Ensuring the lowest-paid public servants receive a pay boost will be a key issue in ongoing negotiations on pay and conditions across government agencies, Public Service Minister Katy Gallagher says.
Pay discrepancies across the Australian Public Service see people in the same ranks paid differently by thousands of dollars each year, with First Nations entities and those largely comprising women often affected.
"We genuinely want to be a model employer. We want to engage with the union and staff. We want to be better than the previous government," Ms Gallagher said.
"There's the issue of pay, there's the issue of conditions, and there's the issue of standardisation across the public service.
"The fourth issue ... is making sure that the lowest-paid are lifted as well, so it's not just a flat pay rate.
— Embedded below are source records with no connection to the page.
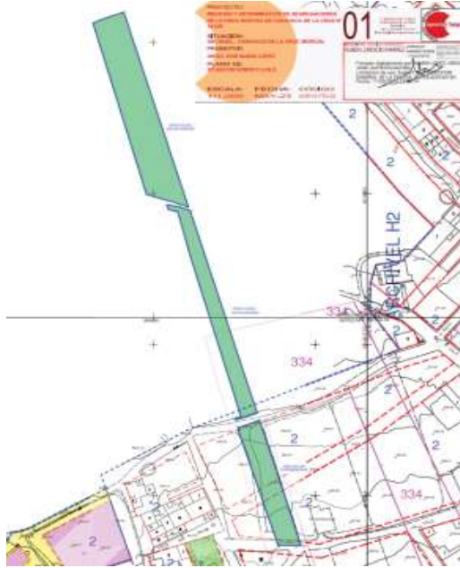
Imagen 1. Finca Matriz Sobre PGMO
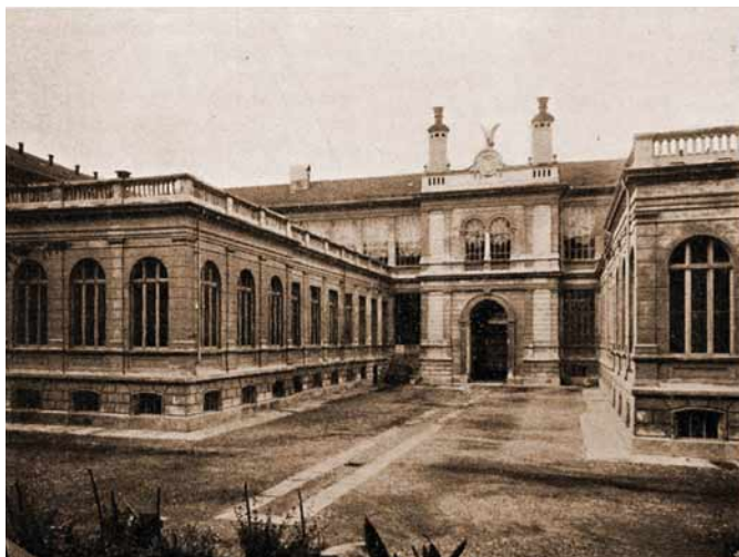
Museo industriale (1864).
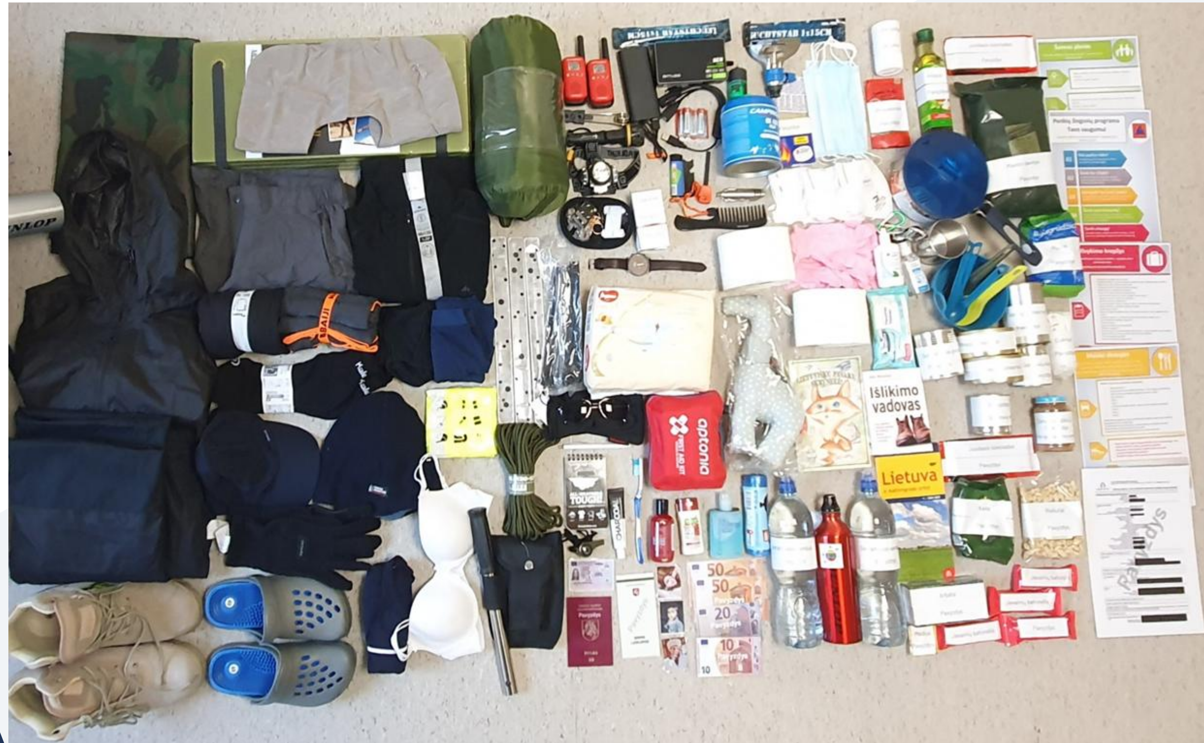
Nuoroda į išvykimo krepšį
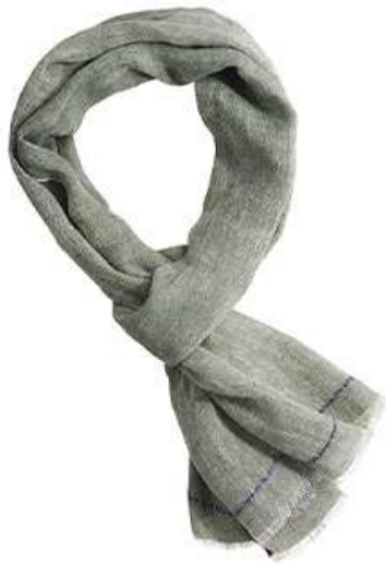
Chèche Lin Coton II Chambray vert bordure marine
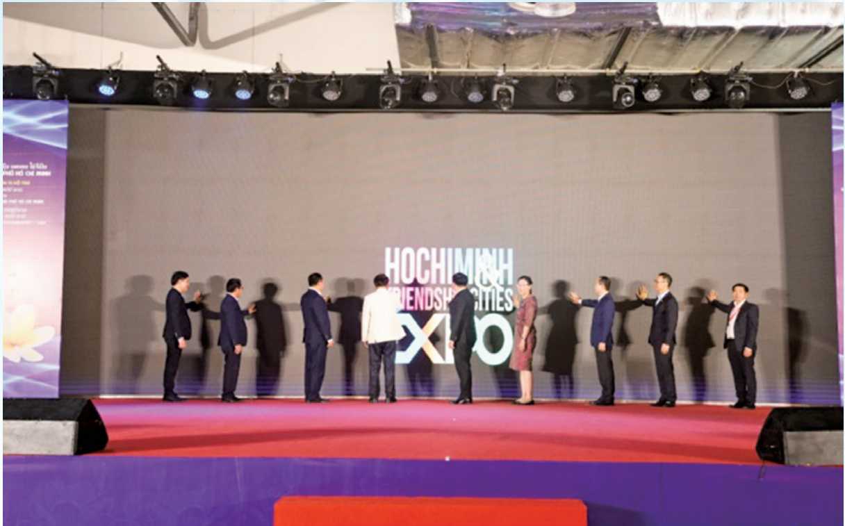
Khai mạc “Triển lãm Thành phố Hồ Chí Minh và các tỉnh, thành hữu nghị tại Savannakhet lần thứ 4”.

We have to look at it a bit more broadly than that."
The Australian Public Service Commission's chief negotiator also said the government would take initial steps to boost the salaries of the lowest paid.
"One of the objectives of the first round of APS-wide bargaining is to seek agreement on a model to reduce pay fragmentation across the APS," deputy commissioner Peter Riordan said
"We will seek to take initial steps to address the pay levels of certain classifications in our lowest-paid agencies."
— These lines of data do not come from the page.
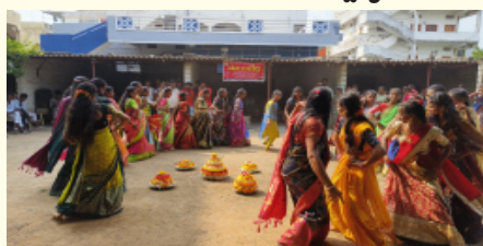
సాయికీర్తి జూనియర్ కళాశాల ఆధ్వర్యంలో..

కామారెడ్డి జిల్లా ప్రతినిధి, అక్టోబర్ 05, సూర్య మేజర్ న్యూస్ : కామారెడ్డి జిల్లా బాన్సువాడ మండలంలోని శ్రీ రేణుక ఒకేషనల్ కళాశాల, శ్రీ సాయి కిరణ్ ఒకేషనల్ జూనియర్ కళాశాల మరియు సాయి కీర్తి జూనియర్ కళాశాలల్లో శనివారం ఘనంగా బతుకమ్మ సంబరాలు నిర్వహించారు. నేటి నుండి దసరా సెలవుల సందర్భంగా బతుకమ్మ పండగని నిర్వహించమని తెలియజేశారు. ఈ నేపథ్యంలో ఆయా వివిధ కళాశాల విద్యార్థులు వివిధ రకాల వుచ్చాలతో బతుకమ్మను సర్వాంగ సుందరంగా అలంకరించి గౌరవం ప్రత్యేక కన్నుల పండుగగా నిర్వహించి, విద్యార్థులు డీజే చప్పుళ్లతో, కోలలతో ఆటపాటలతో బతుకమ్మ ఆడారు. అనంతరం బతుకమ్మలను స్థానిక మినీ ట్యాంక్ బండగా పేరొందిన కల్పి చెరువులో నిమజ్జనం చేశారు. తెలంగాణ సంస్కృతి సాంప్రదాయాలను ప్రతిబింబించే సంబరాలలో విద్యార్థులు ఉత్సాహంగా పాల్గొన్నారు. ఈ సందర్భంగా వివిధ కళాశాల ప్రిన్సిపల్ ల మాట్లాడుతూ., బతుకమ్మ వేడుకలు విద్యార్థులలో సమైక్యత, పరస్పర సహకారం, మానసిక వికాసాన్ని పెంచుతుందని అన్నారు. ఈ కార్యక్రమంలో కళాశాలల ప్రిన్సిపాల్లు, ఉపాధ్యాయులు, విద్యార్థులు విద్యార్థులు పాల్గొన్నారు.
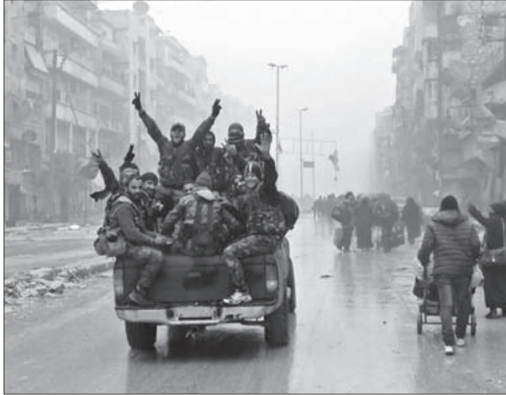
عناصر من الجيش السوري يدخلون أحياء حلب وسط ارتياح أهالي المدينة

دوراً استثنائياً في تحرير المدينة منذ شهر خلت، فلم يتخل فيه بإنزال قوات خاصة روسية على الأرض للمشاركة في عملية تحريرها. موقع «غلوبال ريسرتش» الكندي، الذي لفت إلى أن إدارة أوباما والغرب الموالي له، كما السعودية وتركيا وقطر، أصيبوا بحالة زعر حقيقية مع انهيار الإرهابيين في حلب، كشف عن اجتماعات أمنية ضمت ضباطاً في الاستخبارات التركية والأميركية في منطقة قرقيش التركية الحدودية، قبل أسبوعين من «غزوة» تدمر، حيث بدأ التنسيق والإعداد لحشد أعداد ضخمة من مقاتلي «داعش»، يتم سحبهم من الرقة ودير الزور باتجاه الوسط السوري، لتعطى إشارة انطلاق الهجوم، وسط ضباب كثيف اضطر المقاتلات الروسية بادئ الأمر إلى الانكفاء عن سماء المدينة، قبل أن تعاود ضرب المهاجمين باستخدام صواريخ كاليبر وتجبرهم على التراجع، إلا أن التنظيم استطاع لملمة صفوف مقاتليه والنجاح بهجومهم الثاني. ولكن!
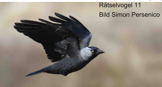
Rätselvogel 11

Im Jugendkleid trägt er eine zusätzliche Krallen am Flügel. Diese nutzt der Jungvogel, um im dichten Astgewirr umherzuklettern, bis er fliegen gelernt hat. Wobei auch die Altvögel nicht besonders flugtalentiert sind. Sein Verbreitungsgebiet ist das nördliche Südamerika, wo er in Gebüsch entlang von Gewässern lebt. Wenn man in der Natur auf diesen Vogel trifft, fällt auf, dass er sehr wenig Scheu gegenüber Menschen zeigt. Seine Lautäußerungen erinnern etwas an ein asthmatisches Husten und der Flug ist bedingt elegant. Die ganze Erscheinung des Hoatzins erinnert an die Urvögel wie Archäopteryx und lässt einem die Evolution der Vögel nachvollziehen. (SW)
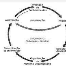
Ciclo da Informação

47. Analise a proposta de Ciclo da Informação de V. Dodelei (2014) e, em seguida, o levantamento dos recursos de algumas das redes sociais.
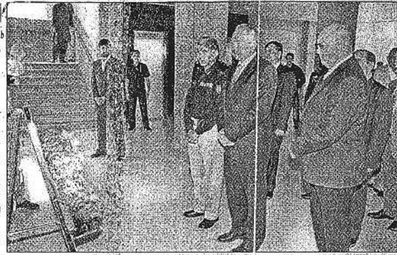
جرمن فیڈرل جرنل اور دیگر نمائندے پولیس میں دھماکے کے شہداء کی یادگار پر پھول چڑھا رہے ہیں

The proposed model for standardising pay across government agencies will be finalised in talks, but the breadth of the issue means it could take years to ensure public servants are paid equally.
"We suspect it will take a number of bargaining rounds to more closely align salaries between APS agencies," Mr Riordan said.
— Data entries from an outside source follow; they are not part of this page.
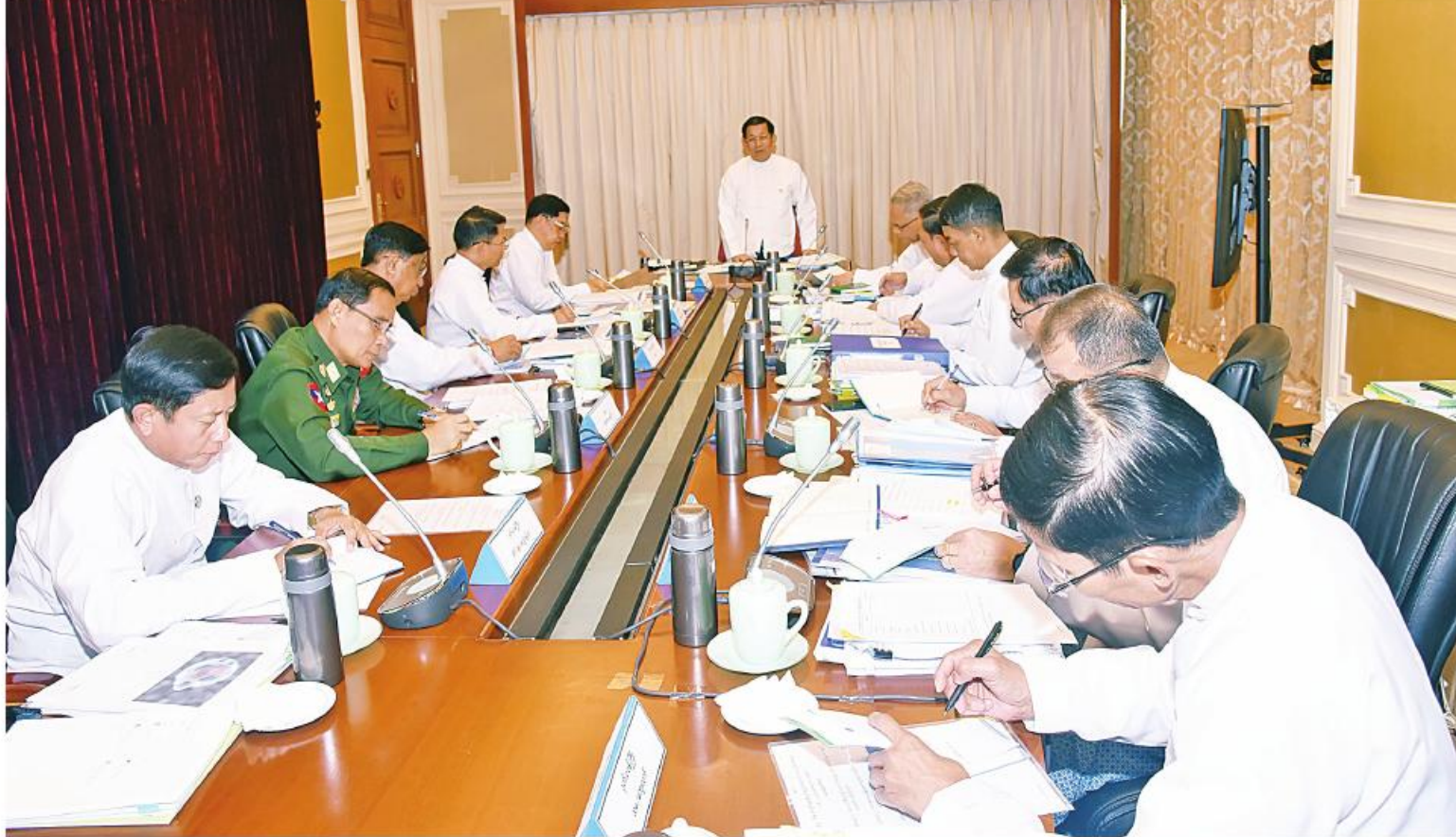
နိုင်ငံတော်စီမံအုပ်ချုပ်ရေးကောင်စီဥက္ကဋ္ဌ နိုင်ငံတော်ဝန်ကြီးချုပ် ဗိုလ်ချုပ်မှူးကြီးမင်းအောင်လှိုင် ဝါသီးနံ၊ ဆီထွက်သီးနံ၊ ကော်ဖီနှင့် အသား၊ နို့ထွက်ပစ္စည်းကဏ္ဍဖွံ့ဖြိုးရေးညှိနှိုင်းဆွေးနွေးပွဲတွင် အမှာစကားပြောကြားစဉ်။

နေပြည်တော် ဖေဖော်ဝါရီ ၁၆ ဝါသီးနံ၊ ဆီထွက်သီးနံ၊ ကော်ဖီနှင့် အသား၊ နို့ထွက်ပစ္စည်းကဏ္ဍဖွံ့ဖြိုးရေးညှိနှိုင်းဆွေးနွေးပွဲကို ယနေ့ နံနက် ၁၀ နာရီတွင် နေပြည်တော်ရှိ နိုင်ငံတော် စီမံအုပ်ချုပ်ရေးကောင်စီ ဥက္ကဋ္ဌရုံးအစည်းအဝေးခန်းမ၌ ကျင်းပပြုလုပ်ရာ နိုင်ငံတော်စီမံအုပ်ချုပ်ရေးကောင်စီဥက္ကဋ္ဌ နိုင်ငံတော်ဝန်ကြီးချုပ် ဗိုလ်ချုပ်မှူးကြီးမင်းအောင်လှိုင် တက်ရောက်ဆွေးနွေးသည်။ ညှိနှိုင်းဆွေးနွေးပွဲသို့ နိုင်ငံတော်စီမံအုပ်ချုပ်ရေးကောင်စီအဖွဲ့ဝင် ဒုတိယဗိုလ်ချုပ်ကြီးညိုစော၊ နိုင်ငံတော်စီမံအုပ်ချုပ်ရေးကောင်စီဥက္ကဋ္ဌရုံး ဝန်ကြီးဌာန(၂) ပြည်ထောင်စုဝန်ကြီး ဦးအောင်နိုင်ဦး၊ စိုက်ပျိုးရေး၊ မွေးမြူရေးနှင့် ဆည်မြောင်းဝန်ကြီးဌာန ပြည်ထောင်စုဝန်ကြီး ဦးမင်းနောင်၊ သမဝါယမနှင့် ကျေးလက်ဖွံ့ဖြိုးရေးဝန်ကြီးဌာန ပြည်ထောင်စုဝန်ကြီး ဦးလှမိုး၊ စက်မှုဝန်ကြီးဌာန ပြည်ထောင်စုဝန်ကြီး ဒေါက်တာချာလီသန်း၊ စာမျက်နှာ ၁၆ ကော်လံ ၁၂
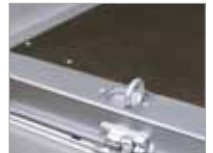
Augu fyrir festingar felld inn í sterkbyggðan stálkant.
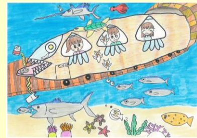
参考：前回入賞作品
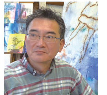
出射 茂 (画家) 東京藝術大学美術学部絵画科卒業。同大学院修了。「上野の森美術館大賞展」優秀賞、「三浦美術館大賞展」大賞他、受賞多数。国内、ニューヨーク、上海でも個展を中心に活動。
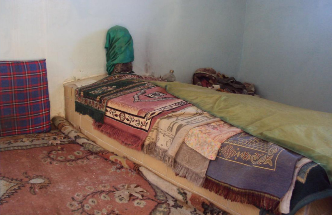
Resim 19: Zekeriya Efendi Türbesi'nin İçeriden Görünümü
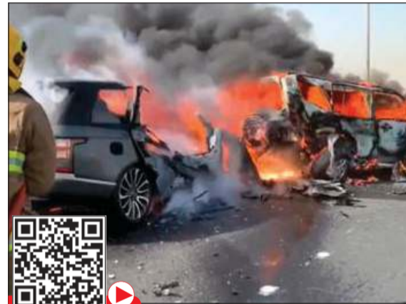
رجل إطفاء خلال السيطرة على حريق المركبتين

نحو السادسة من صباح امس بلاغاً بانقلاب باص على طريق الدائري السادس مقابل منطقة الشهداء وعلى الفور انتقل إلى موقع البلاغ رجال الأمن وتبينت وفاة شخص لم يعثر معه على إثبات فيما أصيب 4 وأقدين جميعهم من الجنسية الهندية بكسور وجروح وجري نقلهم إلى العلاج في مستشفى الفروانية بواسطة سيارات الطوارئ الطبية. وحول الحادث الثاني قال المصدر إن بلاغاً ورد إلى عمليات الداخلية نحو الثامنة من صباح امس على طريق السالمي

Bargaining talks take place every three years, and the commission has also highlighted pay discrepancies have developed over decades and will be subject to "current budget pressures".
Community and Public Sector Union national secretary Melissa Donnelly agreed pay inequities wouldn't be solved in a single bargaining round.
"It is a big job to address the extent of pay inequities that's opened up after decades of agency bargaining," she said.
"But there has to be substantial progress towards that goal. We've been pleased to see that is also something the government wants to see addressed."
Both the CPSU and the commission say their proposed models to align pay across agencies will be developed through the course of bargaining.
"Through the negotiation process, we will be developing specific proposals about how the APSC and the government could address that," Ms Donnelly said.
The union has proposed a 9 per cent pay rise for public servants in the first year of the new agreement, 6 per cent in year two, and 5 per cent in year three.
Ms Gallagher said the government would not match this, when it does make an offer after the May federal budget.
"It won't be what CPSU's claim is, but that's pretty standard practice," she said.
"We don't want it to go on, we don't want a dispute. We want our employees to feel respected, but we've got to do it in a way that the budget can afford."
Ms Donnelly did not say what figure the union would be willing to accept in talks, given Ms Gallagher has dismissed the "ambitious pay claim".
"Our members and the union believe it needs to be ambitious after a decade of wage suppression and wage cuts holding back public sector," she said.